Wednesday, June 3, 2009

Injury Time Out

3 years later came the crash.  Seriously, who could ever imagine a cheerful, nonchalant, bouncing (yet still partially deflated) ball could end up giving me so much grief? But there I was.

I could have spent the next 6 months on the couch watching crap TV and letting my brain cells start a revolt against my body.  Instead I thought it a jolly idea to go inside my head, make those pesky brain cells do some work, and start blasting out that idea from all those years ago. That Santa idea.  

Though I said I came up with the idea and then waited 3 years to work on it, I had actually written a few notes.  It wasn't much, but it did become a small jumping off point.  The kind of notes your boss gives you, and then you do all the real work, and then he goes back to his bosses and tells them he did it all.  That sort of thing.  Luckily, I happen to be my boss, his boss, and the dude at the top that gets to do nothing all day and sip moscato d'asti while getting 2-hour thai massages, listening to the Rolling Stones, and having Simon Pegg drop by to be excitingly British.      

I couldn't walk.  Not quite yet.  It was really annoying.  I mean, I could sort of shimmy down the hallway to the bathroom and maybe get to the kitchen for some moscato d'asti (an excellent pairing with muscle relaxers some believe - I think it was the Aztecs who came up with that cocktail)  The thing is, I'd always worked out my stories by taking really long walks.  I'm talking epic here!  And during those walks, I'd let my mind do its wandering thing and by the end, I'd have a story going.  Clearly I was going to need a new way to work.  And that way to work ended up being decidedly stationary as you may have guessed.

It's probably the way a lot of writers do their thing.  But it was entirely foreign to me.  And not in the really good Fellini or Bergman or Godard kind of way.  Mine was sort of the Mel Gibson using foreign languages kind of thing.

But somehow, I got used to it and managed to write out notes - lots of them!  So many, that before I knew it, I had the outlines for 3 novels in the series.  What?  A series?  Yep, I got carried away.  It wouldn't be the last time.  The Kringle Khronicles Trilogy now stands at 9 volumes!  

A month later I was able to get outside and start competing with the elderly for sidewalk supremacy.  They won each and every battle!  A month after that, I was ready for prime time and finally passed someone in their late 80's.  In that second month, I had another milestone.  I made it all the way over to Central Park, my haven, my love.  And it was there where I was able to get back to my way of working.  The ideas flowed - I was on a creative tear!    

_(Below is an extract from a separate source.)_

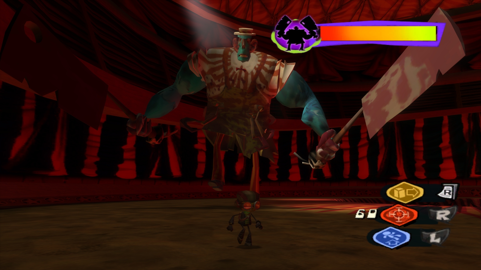 Raz eventually breaks the glass and disables the tank, but Oleander has one more trick up his sleeve: sneezing gas. The same gas that caused everyone to sneeze out their brains, Raz fails to hold it back and his body goes off to mindlessly (pun intended) watch TV. He has no choice but to enter the tank with the Coach’s brain, and the two mental worlds begin to mix. This comes with good news and bad news. The good news is that Raz can help Oleander overcome the childhood trauma that made him evil while confronting his own mental demons in the process. The bad news is that anything that happens to Oleander now also happens to Raz, so he has to protect a childhood version of the Coach while navigating the game’s most infamous and difficult level, the Meat Circus.

During my 6 month injury time out, I wrote the first 2 drafts of The Kringle Khronicles Volume 1: The Legend of Winterdale.  And then I was finally strong enough to take care of Jaden again. We kept our nanny for 2 days a week, I had the little guy the other 3 days.  Its a good thing I had lots of time to write still. After I received feedback on the 2nd draft, I knew I had all sorts of re-writing ahead of me.  Yikes!